== Task ==
If you see a picture in the data below, omit it and copy the rest exactly.
Exercise input Block Start
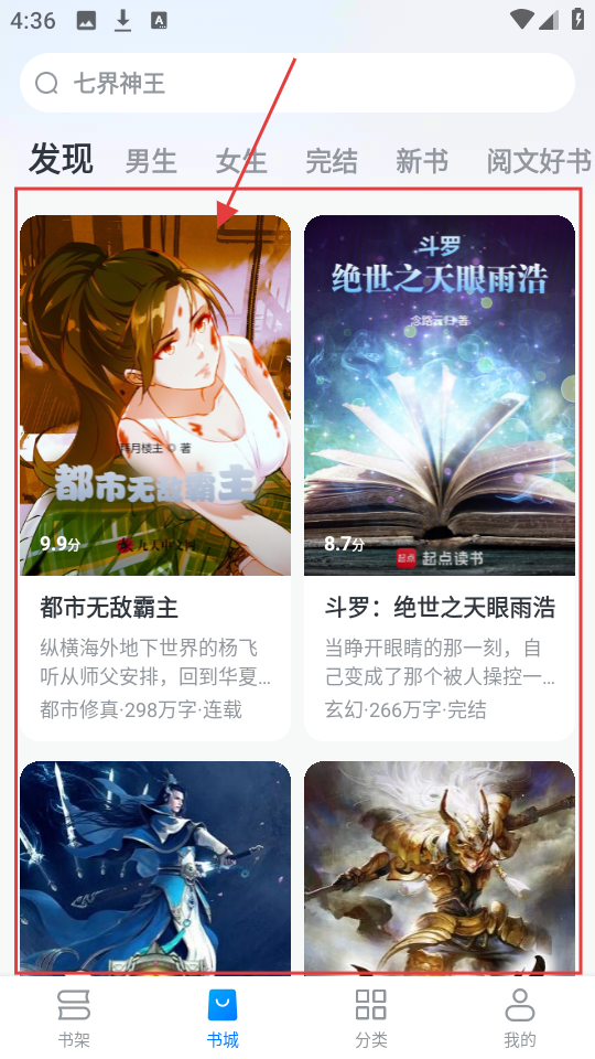 1、在书城发现页面,有很多小说推荐,比如【都市无敌霸主】等,可挑选感兴趣的小说点击进入详情页。
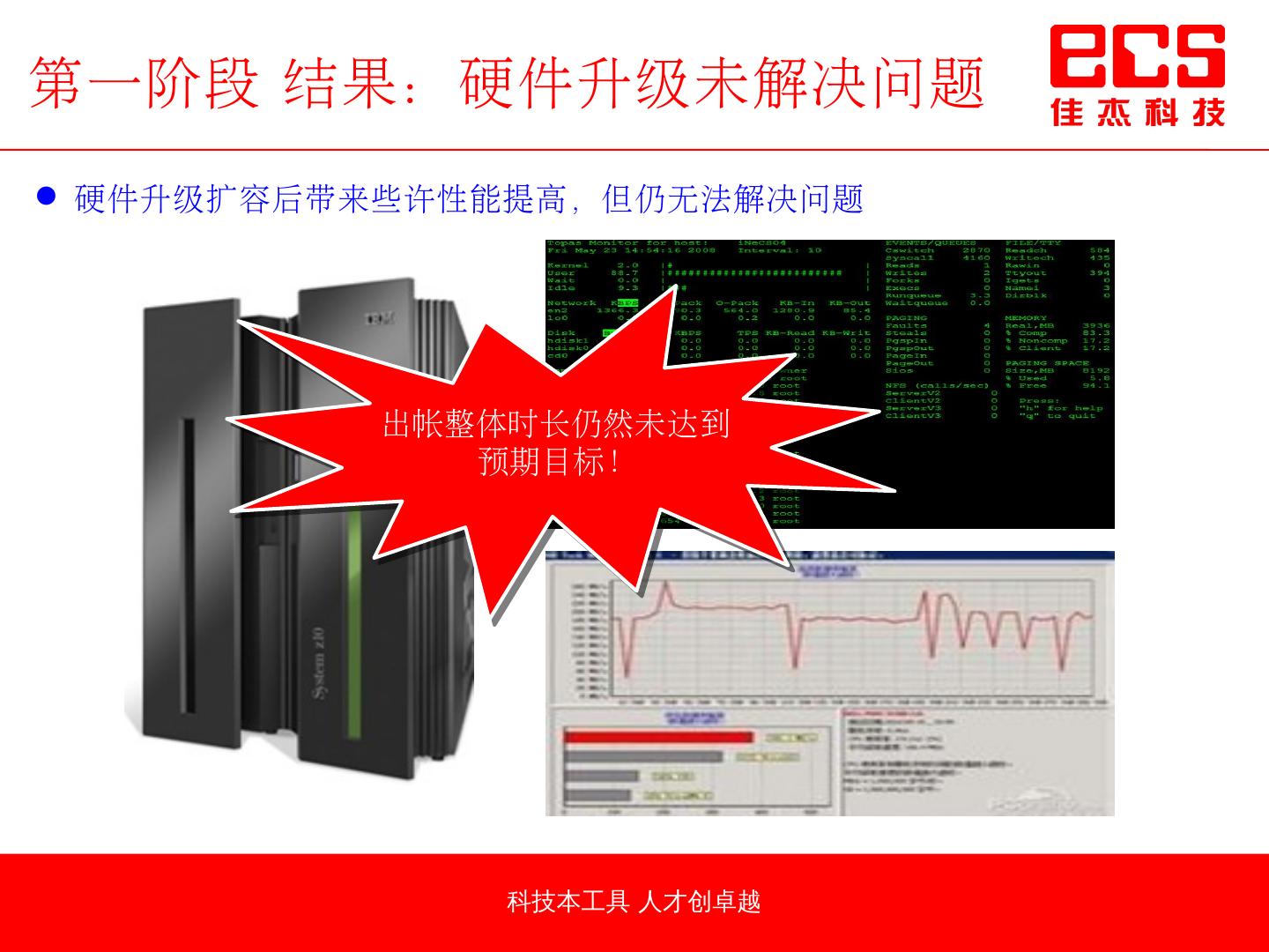 22 .科技本工具 人才创卓越 第一阶段 结果:硬件升级未解决问题 出帐整体时长仍然 未达到 预期目标! 硬件升级扩容后带来些许性能提高,但仍无法解决问题
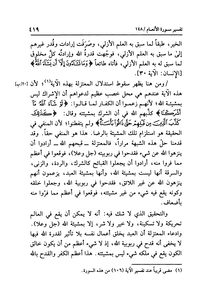[٢٠/ب] /ومن هنا يظهر سقوط استدلال المعتزلة بهذه الآية (¬١)؛ لأن هذه الآية عندهم هي محل خصب عظيم لدعواهم أن الإشراك ليس بمشيئة الله؛ لأنهم زعموا أن الكفار لما قالوا: {لَوْ شَاء اللهُ مَا أَشْرَكْنَا} كذبهم الله في أن الشرك بمشيئته وقال: {كَذَلِكَ كَذَّبَ الَّذِينَ مِن قَبْلِهِم حَتَّى ذَاقُواْ بَأْسَنَا} ولم يتفطنوا؛ لأن المنفي في الحقيقة هو استلزام تلك المشيئة بالرضا، هذا هو المنفي حقّاً، وقد قدمنا حل هذه الشبهة مراراً، فالمعتزلة -قبحهم الله- أرادوا أن يُنَزِّهُوا الله عن شيء فقدحوا في ربوبيته (جل وعلا)، فوقعوا في أعظم مِمَّا فَرُّوا مِنْه، أرادوا أن يجعلوا القبائح؛ كالشرك، والردة، والزنا، والسرقة أنها ليست بمشيئة الله وأنها بمشيئة العبد، يزعمون أنهم ينزهون الله عن غير اللائق، فَقَدَحُوا في ربوبية الله، وجَعَلُوا خَلْقه وكونه يقع فيه شيء من غير مشيئته، فوقعوا في أعظم مما فرُّوا مِنْهُ بِأَضْعَاف.
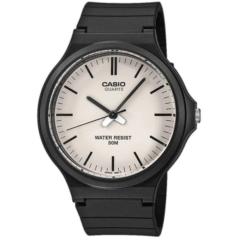 Pánské hodinky CASIO MW-240 kombinují minimalismus, funkčnost a pohodlí v mužném designu. Díky lehké konstrukci hodinek (pouhých 35 g!) jsou na zápěstí téměř nepostřehnutelné. Pružný matný řemínek z pryskyřice se přizpůsobí vašim pohybům, je odolný proti opotřebení a připravený na každou situaci - od schůzky až po trénink. Velké kontrastní indexy vám umožní zkontrolovat čas na první pohled. Odolné sklíčko z pryskyřice zaručuje odolnost proti každodennímu opotřebení a vodotěsnost 5 BAR zajistí, že stříkající voda, déšť ani rychlá sprcha nebudou problém.
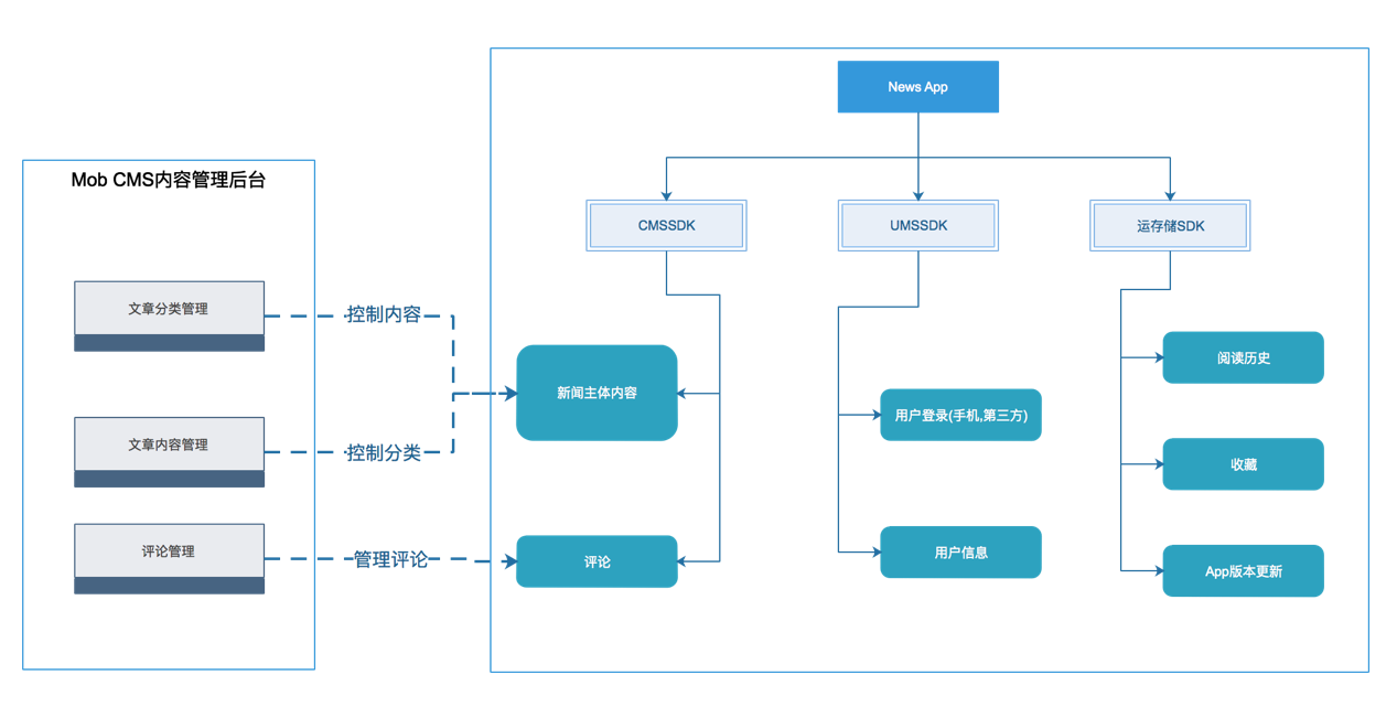 新闻类App中主要的部分-新闻内容,统一由Mob CMS内容管理后台来控制。通过在后台编写制作文章,发布文章后,App中就能够展示出所发布的文章。
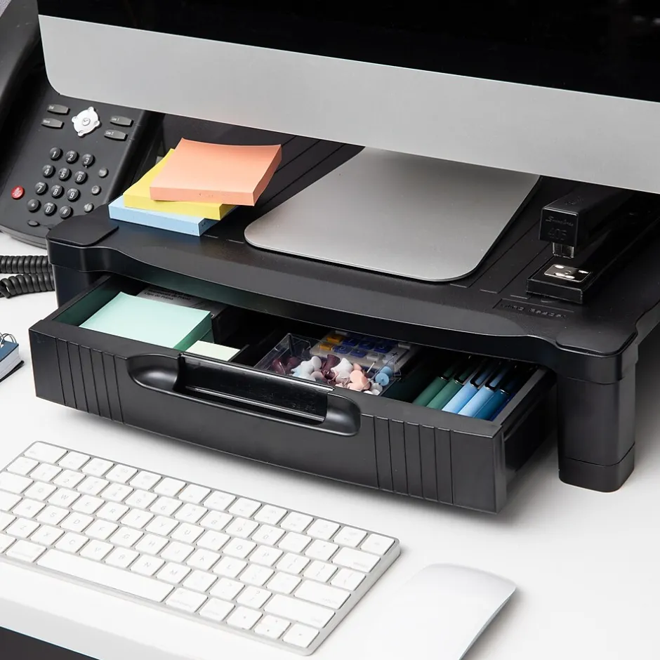 Enhance your workspace with this ergonomic monitor riser designed to alleviate neck, shoulder, and eye strain by raising your monitor to eye level for better posture and comfort. The compact and efficient design saves valuable desk space by providing storage for your modem, notebooks, tablet, and other accessories, while the built-in drawer keeps your documents and essentials organized.Featuring a sleek and modern design, this black monitor stand riser blends in with existing electronics and decor, and the cable management system keeps cords neat and tidy. Built to last with a sturdy resin polycarbonate construction, this stand supports up to 22lb (10kg) and features surface-gripping feet for stability.Measuring 17.25 x 13.25 x 4 inches and weighing 3.48 lbs, the monitor riser stand is ideal for most devices and offers generous storage space for essentials. A perfect gift for students, home or office workers, or anyone with a computer monitor, this riser stand and other Anchor Collection products can transform your workspace into a more comfortable, organized, and efficient environment.
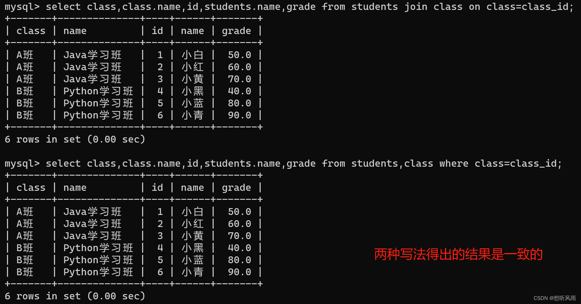 | 释义: | 根据关联条件,全列查询指定表的笛卡尔积。 以上两种写法效果一致。 可以指定别名。 |
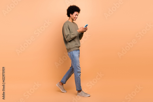 Full body size cadre of young satisfied blogger guy focused chatting smartphone online messenger vpn connection isolated on beige color background
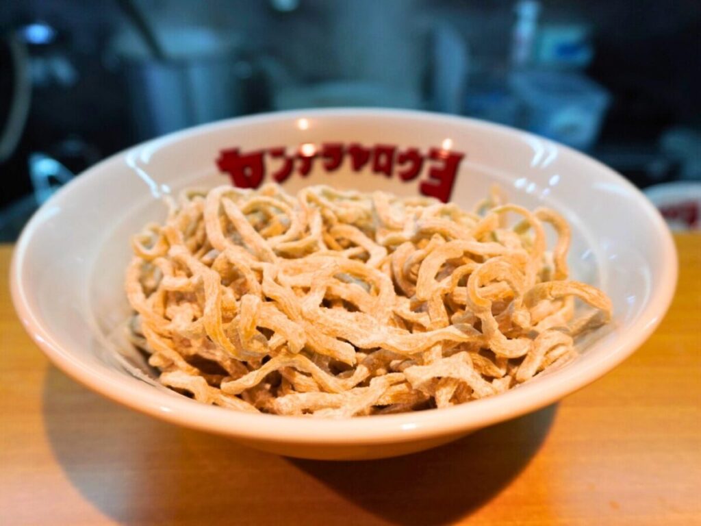 粉には二郎系でおなじみという、「オーション」を使用。小麦粉と”かんすい”のバランスがとても大切で、その日の湿度によって水分量を調整するなど、毎日が真剣勝負だそうです。ヤンナラヤロウヨの麺は、小麦感が強めの配合になっているとのこと。
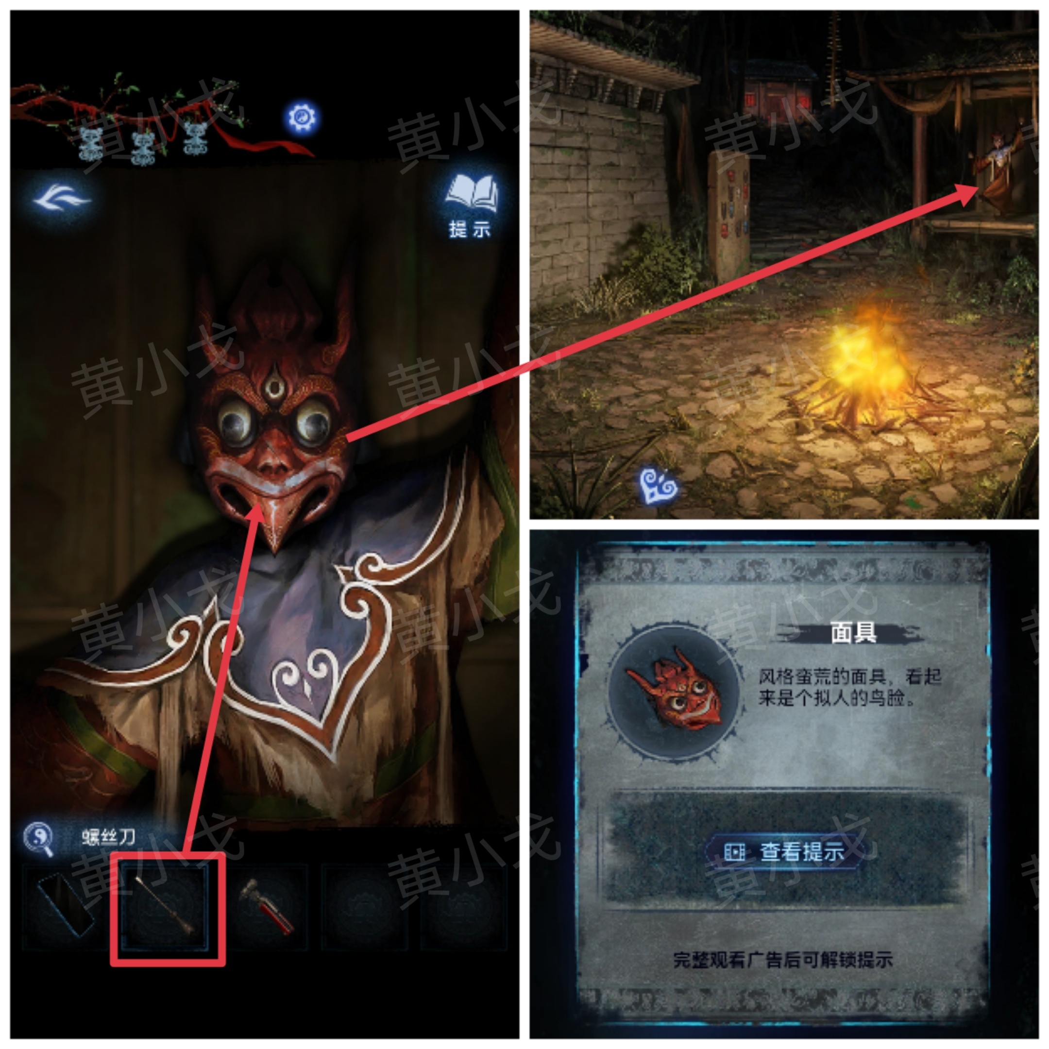 5.点击戏台,用【螺丝刀】把木偶脸上的【面具】抠下来
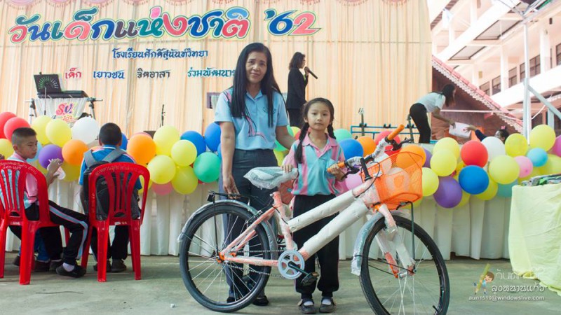 นักเรียนผู้โชคดีน้องน้ำตาลได้รับจักรยานด้วยนะคะ
Exercise input Block End
== Solution to the exercise ==
 1、在书城发现页面,有很多小说推荐,比如【都市无敌霸主】等,可挑选感兴趣的小说点击进入详情页。
 22 .科技本工具 人才创卓越 第一阶段 结果:硬件升级未解决问题 出帐整体时长仍然 未达到 预期目标! 硬件升级扩容后带来些许性能提高,但仍无法解决问题
[٢٠/ب] /ومن هنا يظهر سقوط استدلال المعتزلة بهذه الآية (¬١)؛ لأن هذه الآية عندهم هي محل خصب عظيم لدعواهم أن الإشراك ليس بمشيئة الله؛ لأنهم زعموا أن الكفار لما قالوا: {لَوْ شَاء اللهُ مَا أَشْرَكْنَا} كذبهم الله في أن الشرك بمشيئته وقال: {كَذَلِكَ كَذَّبَ الَّذِينَ مِن قَبْلِهِم حَتَّى ذَاقُواْ بَأْسَنَا} ولم يتفطنوا؛ لأن المنفي في الحقيقة هو استلزام تلك المشيئة بالرضا، هذا هو المنفي حقّاً، وقد قدمنا حل هذه الشبهة مراراً، فالمعتزلة -قبحهم الله- أرادوا أن يُنَزِّهُوا الله عن شيء فقدحوا في ربوبيته (جل وعلا)، فوقعوا في أعظم مِمَّا فَرُّوا مِنْه، أرادوا أن يجعلوا القبائح؛ كالشرك، والردة، والزنا، والسرقة أنها ليست بمشيئة الله وأنها بمشيئة العبد، يزعمون أنهم ينزهون الله عن غير اللائق، فَقَدَحُوا في ربوبية الله، وجَعَلُوا خَلْقه وكونه يقع فيه شيء من غير مشيئته، فوقعوا في أعظم مما فرُّوا مِنْهُ بِأَضْعَاف.
 Pánské hodinky CASIO MW-240 kombinují minimalismus, funkčnost a pohodlí v mužném designu. Díky lehké konstrukci hodinek (pouhých 35 g!) jsou na zápěstí téměř nepostřehnutelné. Pružný matný řemínek z pryskyřice se přizpůsobí vašim pohybům, je odolný proti opotřebení a připravený na každou situaci - od schůzky až po trénink. Velké kontrastní indexy vám umožní zkontrolovat čas na první pohled. Odolné sklíčko z pryskyřice zaručuje odolnost proti každodennímu opotřebení a vodotěsnost 5 BAR zajistí, že stříkající voda, déšť ani rychlá sprcha nebudou problém.
 新闻类App中主要的部分-新闻内容,统一由Mob CMS内容管理后台来控制。通过在后台编写制作文章,发布文章后,App中就能够展示出所发布的文章。
 Enhance your workspace with this ergonomic monitor riser designed to alleviate neck, shoulder, and eye strain by raising your monitor to eye level for better posture and comfort. The compact and efficient design saves valuable desk space by providing storage for your modem, notebooks, tablet, and other accessories, while the built-in drawer keeps your documents and essentials organized.Featuring a sleek and modern design, this black monitor stand riser blends in with existing electronics and decor, and the cable management system keeps cords neat and tidy. Built to last with a sturdy resin polycarbonate construction, this stand supports up to 22lb (10kg) and features surface-gripping feet for stability.Measuring 17.25 x 13.25 x 4 inches and weighing 3.48 lbs, the monitor riser stand is ideal for most devices and offers generous storage space for essentials. A perfect gift for students, home or office workers, or anyone with a computer monitor, this riser stand and other Anchor Collection products can transform your workspace into a more comfortable, organized, and efficient environment.
 | 释义: | 根据关联条件,全列查询指定表的笛卡尔积。 以上两种写法效果一致。 可以指定别名。 |
 Full body size cadre of young satisfied blogger guy focused chatting smartphone online messenger vpn connection isolated on beige color background
 粉には二郎系でおなじみという、「オーション」を使用。小麦粉と”かんすい”のバランスがとても大切で、その日の湿度によって水分量を調整するなど、毎日が真剣勝負だそうです。ヤンナラヤロウヨの麺は、小麦感が強めの配合になっているとのこと。
 5.点击戏台,用【螺丝刀】把木偶脸上的【面具】抠下来
 นักเรียนผู้โชคดีน้องน้ำตาลได้รับจักรยานด้วยนะคะ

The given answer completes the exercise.